Series: Naruto rarepair generator [5]
Category: Naruto
Genre: Amorality, Gen, Two geniuses evil in context
Language: English
Status: Completed
Published: 2019-05-29
Updated: 2019-05-29
Packaged: 2020-03-26 14:39:38
Rating: Teen And Up Audiences
Warnings: No Archive Warnings Apply
Chapters: 1
Words: 2,205
Publisher: archiveofourown.org
Story URL: https://archiveofourown.org/works/19007845
Author URL: https://archiveofourown.org/users/Karaii/pseuds/Leu
Summary: Orochimaru begins perfecting the Impure World Reincarnation jutsu by summoning its creator over and over from the dead.A character study that posits that Orochimaru and Tobirama are actually more similar than one might expect.





	As through a mirror, darkly lit

“Is this…my Reanimation jutsu?” Senju Tobirama flexes his flaking fingers experimentally. “How fascinating.”

Orochimaru’s smile is oily. “I am honoured you approve, Nidaime-sama.”

“I do not,” the dead man says simply, and body flickers. Orochimaru dodges the attack by bending his neck at an abnormal angle, simultaneously regurgitating the sword of Kusanagi and piercing Tobirama’s body to the wall.

“Too slow,” Orochimaru says, delicately wiping his mouth. “How unusual for you, Nidaime-sama. My sensei used to say you were the fastest shinobi he’d ever known.”

“Tch. You fucked up my technique, is all.” Tobirama attempts to squirm around the sword, but he cannot, his borrowed body already losing mobility. “Who is your teacher, boy?”

Orochimaru ignores him and consults his notes instead. The forbidden scroll had been badly damaged when he’d first found it, and reverse engineering the Impure World Regeneration technique has proven to be more difficult than he’d expected. At least this time he’s managed to recall the original’s personality.

“Answer me when I am speaking to you!”

“Your technique is the one that’s flawed,” Orochimaru states matter-of-factly. “If you want to best me, you’d best help me perfect your jutsu.”

Senju Tobirama opens his mouth to snark something back when he abruptly stiffens, chokes, and shudders violently. He makes no sound when he dies, his skin and hair flaking off and leaving a brown-skinned corpse behind, quickly decaying around Kusanagi, until only the sword is left behind.

“Hm.” Orochimaru writes a little note at the bottom of his mess of papers. “Only a minute this time…his mind was whole, though.
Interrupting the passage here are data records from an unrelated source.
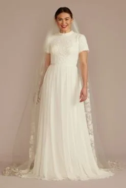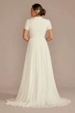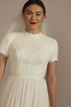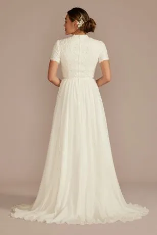 This high-neck wedding dress is the picture of effortless elegance. The lined lace detail at the high neckline adds a modest touch, while the chiffon skirt lends a flowy, romantic air.
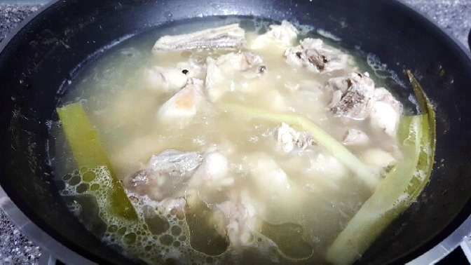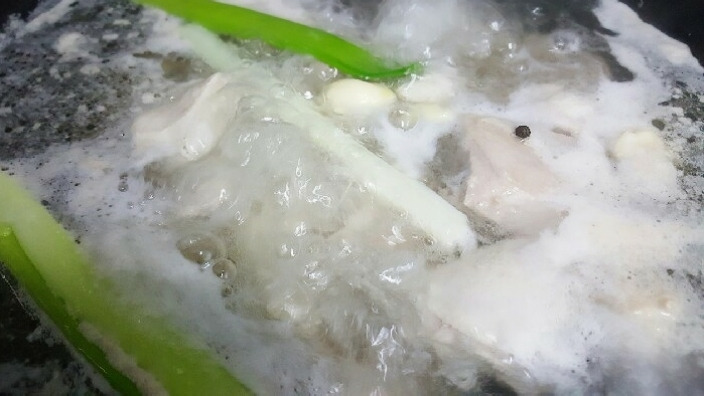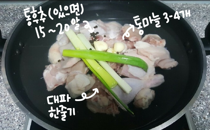 닭한마리, 대파1줄기, 마늘4알, 후추
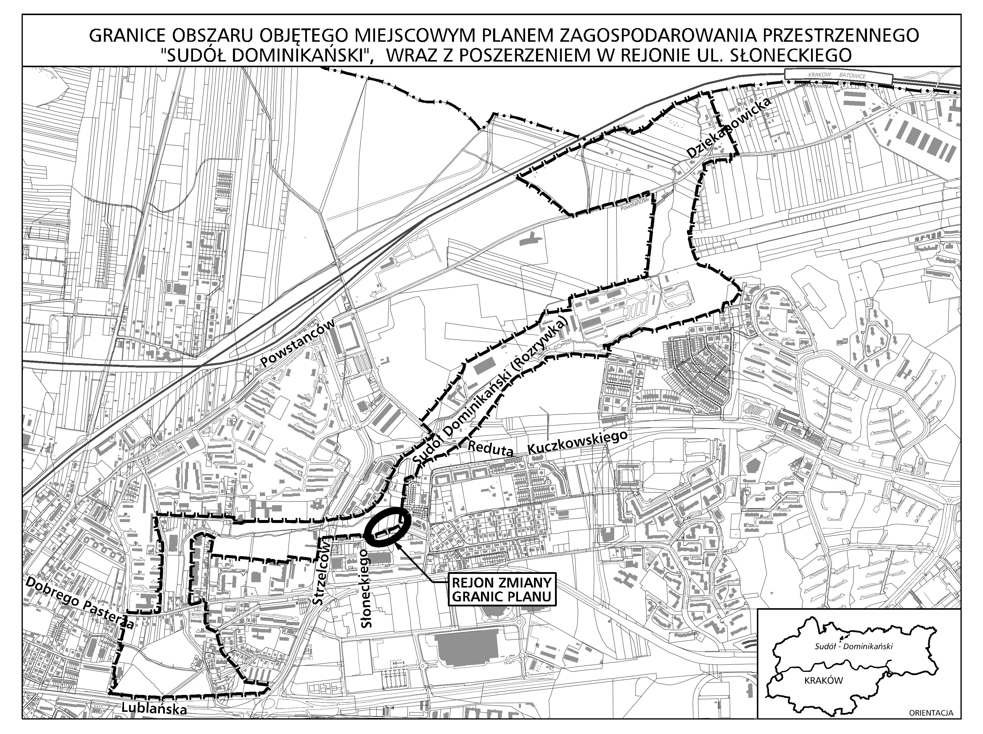 Uchwała Nr XI/163/07, o której mowa powyżej, dotyczy poszerzenia obszaru objętego sporządzanym planem. W związku ze zmianą, obszar planu obejmuje tereny położone po obu strona cieku wodnego Sudół Dominikański (pot. Rozrywka), na odcinku pomiędzy ulicą Lublańską a północną granicą Miasta Krakowa, wraz z poszerzeniem w rejonie ul. Słoneckiego.
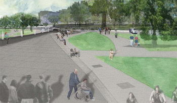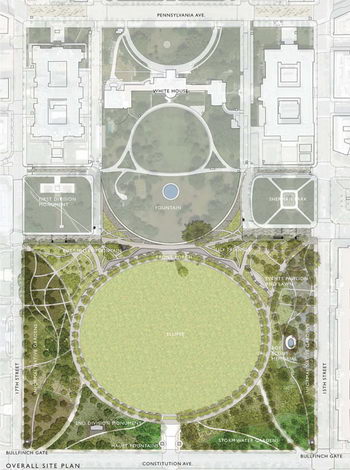 E街和南總統公園的設計構想建立在融合的想法上,如何在保證白宮安全性的基礎上,為美國民眾創造出動態活力的景觀。景觀空間如何做到兩全其美,通過整合場地建筑與形式概念嗎?一個良好社會的標志特征是帶著過去前進。通過并行舊與新,景觀能夠繼承傳統。新的設計借鑒了唐寧循環道路形式。花邊裝飾和蜿蜒曲折的形式結構,旋轉重疊,縮小在白宮的背景中。
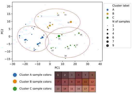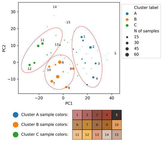To construct a two-dimensional projection of a three-dimensional dataset (e.g., CIE L*a*b color coordinates), principal component analysis (PCA) is an obvious tool of choice. This method reduces the dimensionality of the data without a significant loss of information. The new coordinates are a linear combination of the original ones. We applied the PCA to both data sets (the colors of the samples from the Kapova Cave and from the Kamennaya Balka II site) and created scatterplots in new coordinates (PC1 and PC2—the main components 1 and 2), see Figure 4 and Figure 5 and corresponding Figures S7 and S8 from the Supplementary Materials. The size of each dot on the scatterplot indicates the number of single observations of this particular sample color. Due to the discrete nature of colors in Munsell tables, many samples are described by exactly the same color, thus complicating the interpretation of a simple scatterplot. The colors correspond to the colors of clusters A (blue), B (orange), and C (green) in the tree diagrams (Figure 2 and Figure 3). The lower part of the figure also shows the colors of some arbitrary chosen samples, indicated in the scatterplot by numbers. Red ellipses indicate the area in which samples belonging to a particular cluster are located with a probability of 95% (that is, 2 sigma).
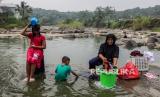 REPUBLIKA.CO.ID, GUNUNG SARI -- Sejumlah warga mencuci pakaian dan mandi menggunakan air dari aliran Kali Cileungsi di Desa Gunung Sari, Kabupaten Bogor, Jawa Barat, Kamis (21/9/2023).

One step back, two forward.”

He runs a hand through his hair thoughtfully, frowning when he encounters a snag. He badly needs a shower. How long has he been down here? Orochimaru retrieves his sword, wipes it daintily, and swallows it whole. Even snakes need sunlight, after all.

Sarutobi-sensei greets him aboveground, some hours later. “Orochimaru-kun! I’ve been looking for you. Busy with your research, I assume?”
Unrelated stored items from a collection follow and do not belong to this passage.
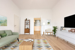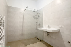 Kommen Sie hinein – gleich links geht es zur separaten Küche mit Durchgang zum gemütlichen und äußerst hellen Wohnzimmer. Von hier aus kommen Sie durch die Wohnzimmertür wieder zurück in den großzügigen Eingangsvorraum, mit Abstellraum für alles, was man so braucht – und daneben auch das WC. Gegenüber befindet sich das NEUE BAD – mit Regen- und Handdusche sowie einem großen Waschbecken. Hier können Sie sich im modernen Spiegel zurechtmachen und auch schon mal das Albrecht-Lächeln probieren. Die Zwischenwand von Bad und Schlafzimmer hat oben ein zusätzliches Glasfenster für mehr Tageslicht bekommen. Das sorgt für natürliches Licht im Spiegel – und dafür, dass Cremes und Pinsel den richtigen Weg finden. Klugerweise wurde auch ein Lichtfenster über dem Türrahmen zum Schlafzimmer eingebaut – auch das bringt mehr natürliches Südlicht in den Vorraum. Der Wohnungseingang liegt am äußeren Etagengang. Gut gewählte
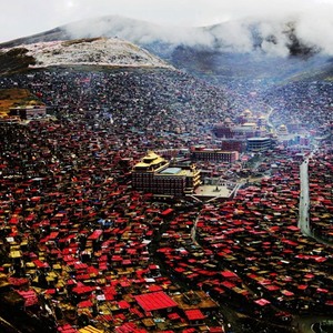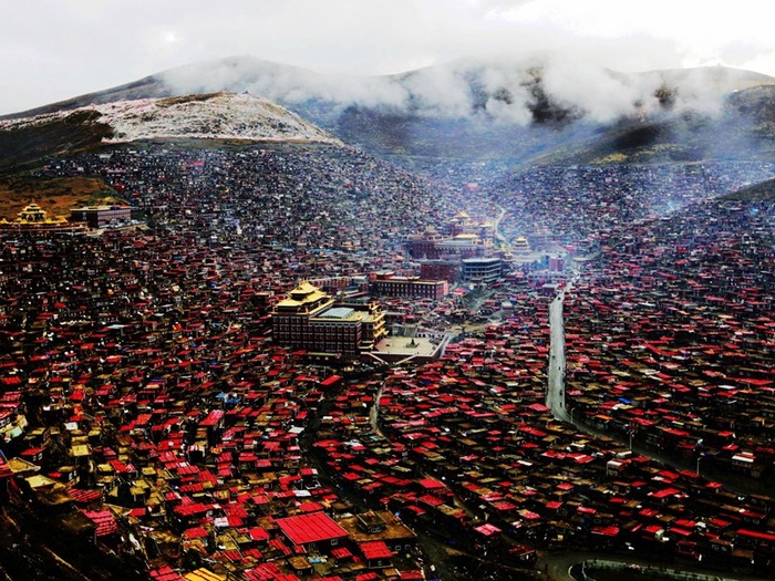 4. 色达五明佛学院建在离色达县城约20公里的喇荣沟,属藏传佛教宁玛派,是世界最大的佛学院。连绵数公里的山谷布满了密密麻麻的小木棚屋,鳞次栉比地贴山而建,究竟有多少这样的小木屋谁也说不清。这里是一片红色的海洋,寺庙、经堂、房子是红色的,喇嘛、觉姆、居士的衣服是红色的,地毯是红色的,整个学院就像处在云端的红色佛国。
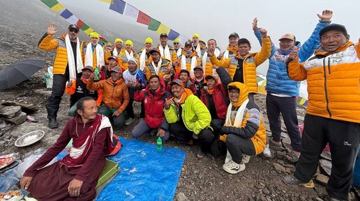 Обряд пуджи в базовом лагере экспедиции Клуба 8000 на Манаслу
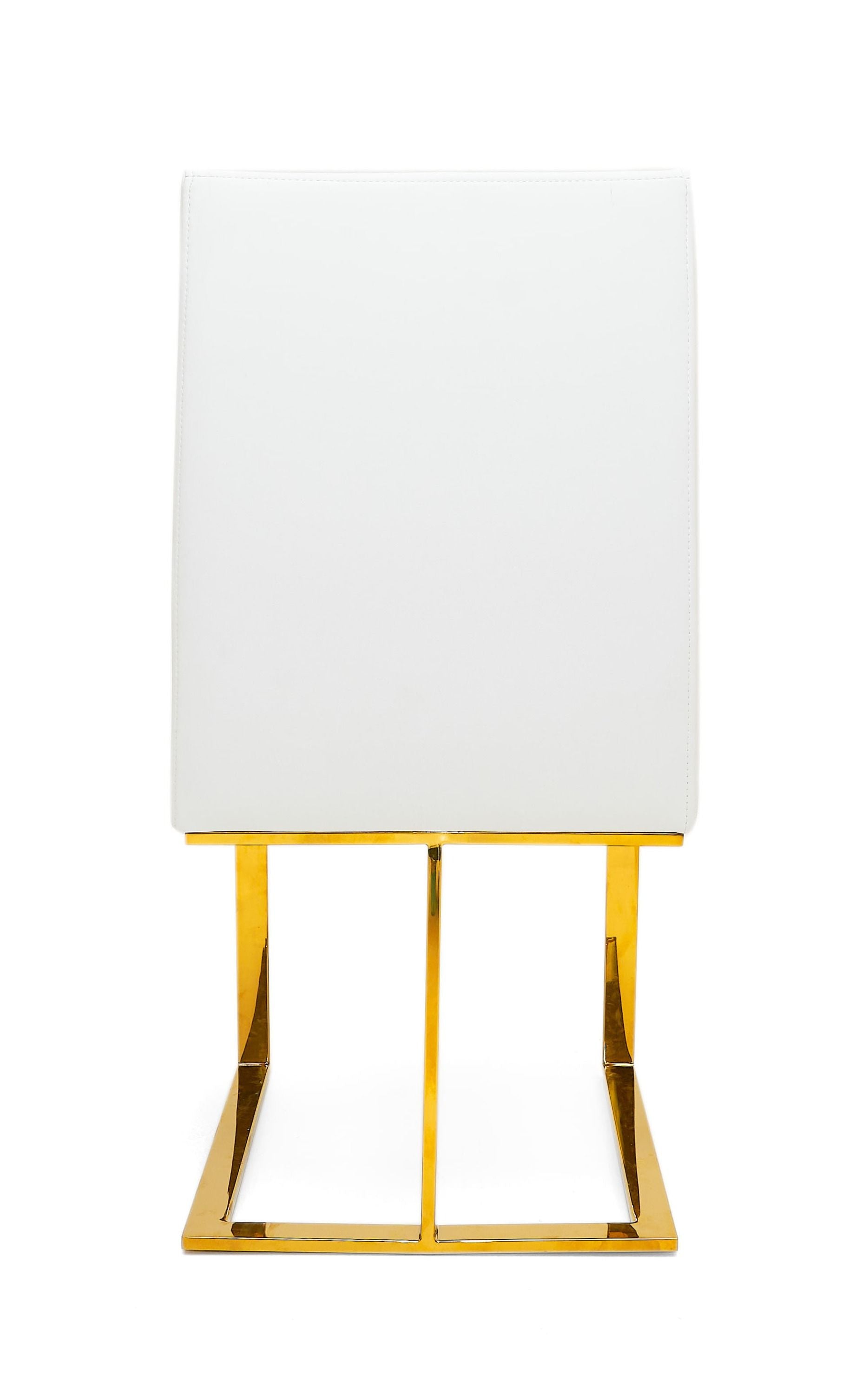 Description: The Camille is a contemporary modern dining chair that shines against and space. The beautiful white vegan leather upholstery is juxtaposed by the bright gold exposed metal that is sure to add luxury and class.

“Yes, Hokage-sama.” Orochimaru hides his hands in his sleeves and matches his pace to his sensei’s. “What may I help you with?” He’s already working nights for Shimura Danzo-sama, and he’s been helping Tsunade cure cancer in his spare time, and Nawaki is still his student, after all, but despite all the projects sucking up his hours, he will always make time time for his sensei.

“It’s nothing egregious.” Sarutobi-sensei promises. “And what is this formality? Am I not still your sensei?”

“You always will be,” Orochimaru says.

Turns out Sarutobi-sensei just wants to invite him for dinner. His wife Biwako-sama is working late at the hospital, again, and even the Hokage gets lonely when half his children are dead and the other half are abroad. So what if he is the last choice available? Orochimaru finds he has worked up quite an appetite, and acquiesces.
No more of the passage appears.